Again, the warning should be somewhere above the typical usage for the specific database. Critical can be around the provisioned number of IOPS (or the IOPS you get for the DB size on GP2).

DiskQueueDepth

Disk queuing is a sign of an overloaded IO subsystem. And an overloaded IO subsystem is a sign of an overloaded database.

I have seen databases survive short bursts of 100+ IOs in the queue without visible impact on end customers. Other workloads are more "response time"-critical, and even queue length of 30 starts to get noticed. So this metric is very workload-dependent.

ReadThroughput

AWS will allow you to go above the provisioned IOPS every now and then. However, you can never go above your allocated storage throughput. And once you reach this hard limit, all DB operations become slow. I elaborate on those parameters here.

Once you know your available throughput, you can put the critical around 80-90%. E.g. a good db.R5b RDS instance with PIOPS storage typically delivers 2000 MBps. So 1600-1800 is your critical threshold.

SwapUsage

Now, I haven't ever witnessed an RDS instance reaching unhealthy swap levels. Still, this could happen - either by wrong SGA size setting (typically the default is fine), or by using too much PGA (not unheard of). And a heavily swapping DB server is a dead DB server.

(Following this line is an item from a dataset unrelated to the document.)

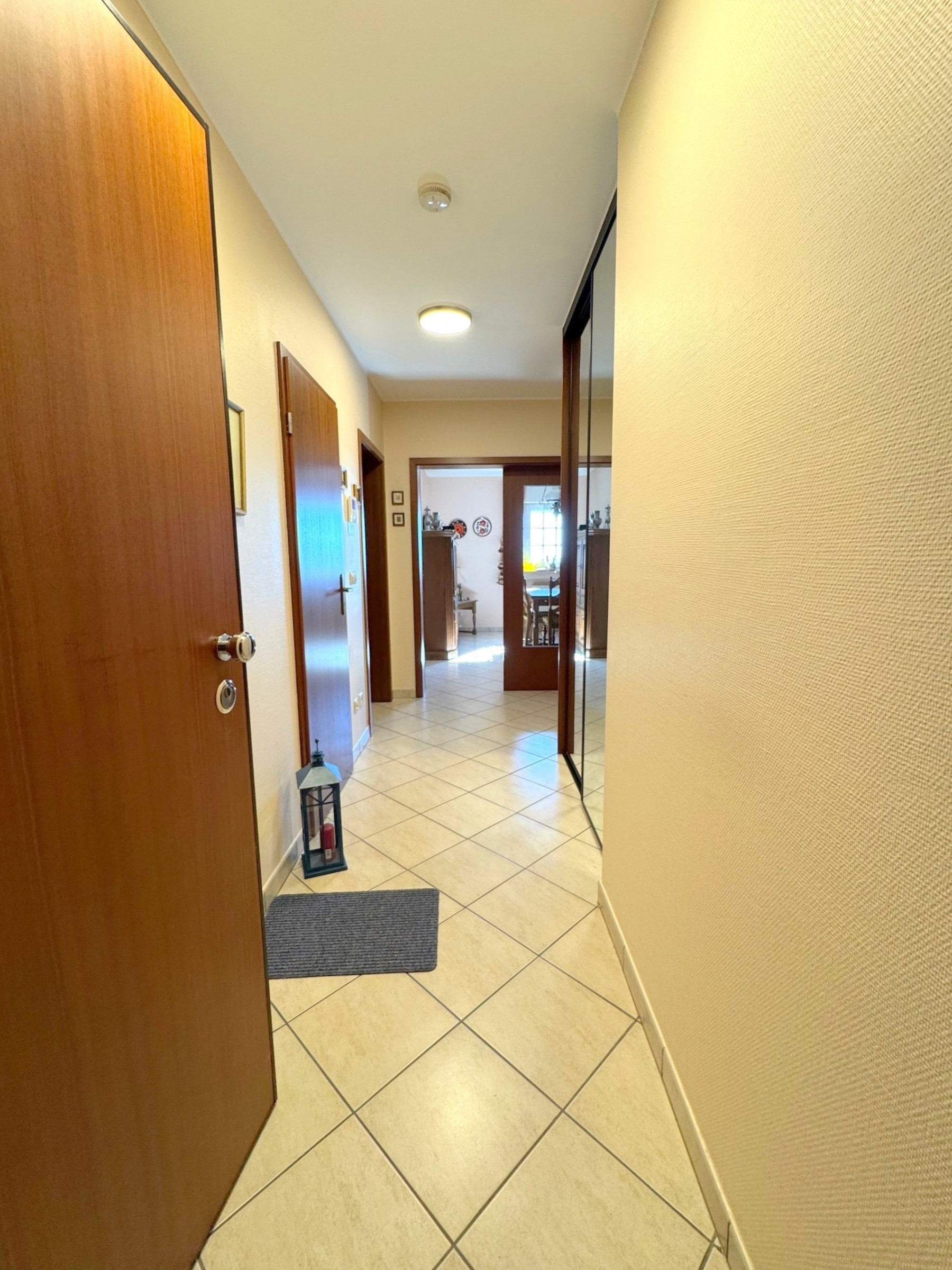 Hall d'entrée avec armoire encastrée, grand living/salle à manger, cuisine équipée avec accès à la terrasse, hall de nuit, 2 chambres à coucher , 1 salle de bain + WC, 1 WC séparé, terrasse, cave, un emplacement intérieur et extérieur.
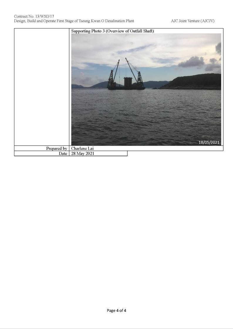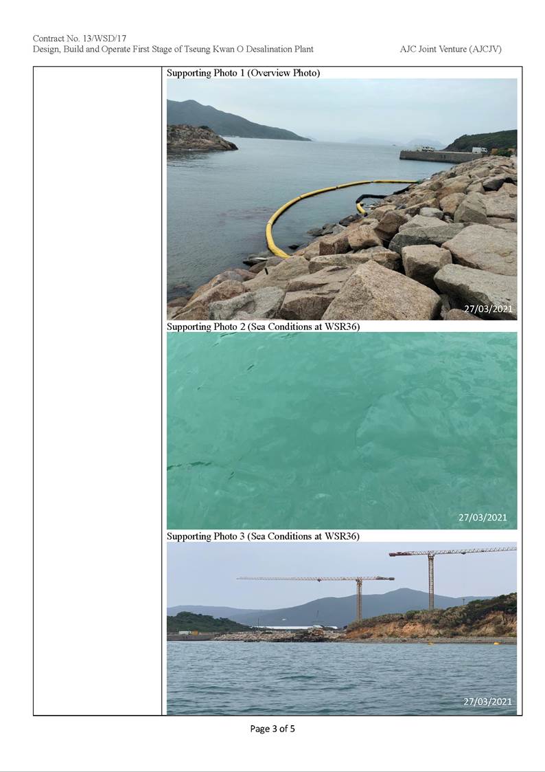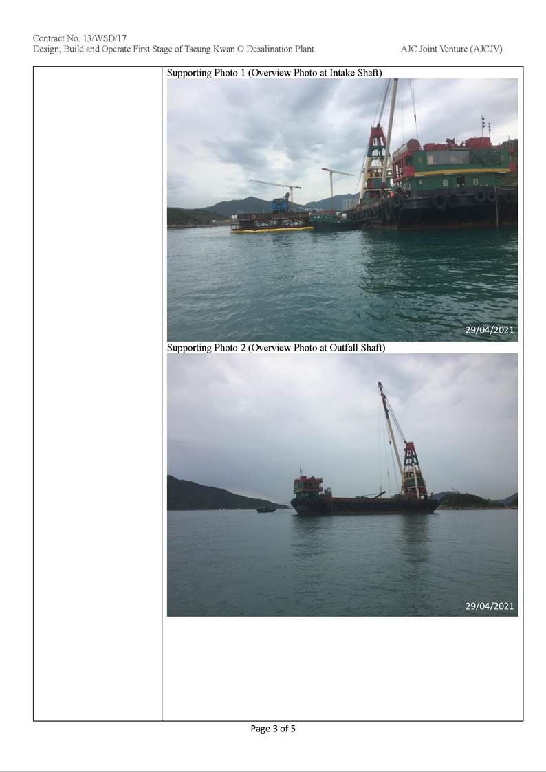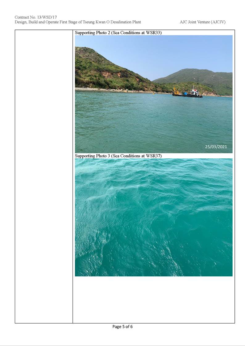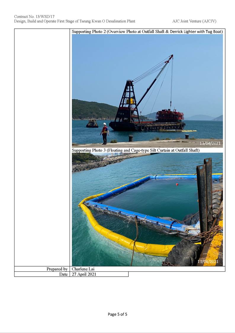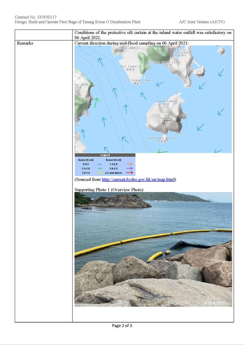 - Deployment of temporary silt curtain in the area where marine construction works were conducted and deployment of water sedimentation tanks for treatment of wastewater at inland areas before discharge

You can set something in the single-digit gigabytes range for critical. If your instance is big enough, even low double-digit will work. If you get notifications and your DB still responds fine, bump it up.

Connections

Unfortunately we do not have Active sessions metric - this would be more useful. But still, a typical OLTP application has a more or less predictable number of connections to the DB. Generally we put a hefty margin in the DB - having SESSIONS parameter set to at least double the typical usage. However, it cannot be unlimited - every session is an OS process (unless DRCP is set up), and every process means memory. So if you set SESSIONS double your normal usage, your warning and critical can go around 60 and 80% of the value you set in the DB. A sudden change may be an indication of:

  • application-level connection leak, usually occurring after fresh deployment - which can happen at any time with CI/CD. Depending on how popular the piece of code that leaks sessions is, it may be quite rapid - and exhaust the database SESSIONS in minutes, even seconds; or it can be slow and take days to detect.
  • broken execution plan of a popular query. Now this is bad, as it can exhaust the CPU or IO capacity of the instance quite rapidly. Even worse, it can come out of the blue - even a system running stable for months can suddenly break as a result of fresh stats being gathered, a change in data distribution, some DDL expiring a cursor, an automatic resize of the spared pool, or the moon going into Aquarius. In all cases, a typical app will start adding more and more connections to the DB, trying to compensate for the stalling ones. If you are lucky, you can detect the increase of sessions before any business impact.
  • locking in the database. Locks do not waste notable amount of CPU or IO. However, locks on very popular table can put your app’s session pool dry in minute, even seconds - depends on how popular the locked resource is. (as a side note, Oracle Resource manager can kill idle sessions who block others for given time - neat feature for fighting application bugs and/or humans forgetting to commit before going out for lunch. With Oracle 20c and up, there is even a DB parameter for it)

Conclusion

For an experienced Oracle DBA, CloudWatch Alarms is a great tool with lots of options and a shallow learning curve. With SNS integration, the sky is the limit for notifications. And, like with every monitoring and alerting tool, the devil is in the thresholds. Don't forget the danger of alarm fatigue.